**Directions for this task**
Retype, word for word, the line holding "WOOPIE GREEN Drewniana" and every line below it to the end of the listing. Leave out the pictures.

**Dataset extract**

------

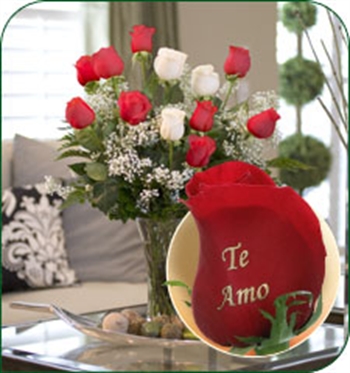 Products > 12 Roses - Te Amo (9 Red, 3 White)
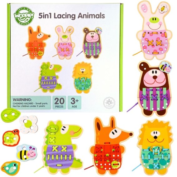 WOOPIE GREEN Drewniana Sznurowanka 5w1 Zwierzątka do Nawlekania
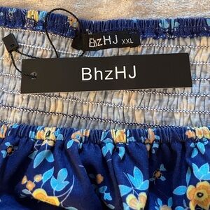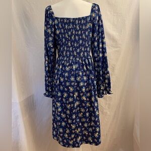 A-line Puff Sleeve Dress Blue Flowery Size XXL

------

**Exercise result**
 WOOPIE GREEN Drewniana Sznurowanka 5w1 Zwierzątka do Nawlekania
 A-line Puff Sleeve Dress Blue Flowery Size XXL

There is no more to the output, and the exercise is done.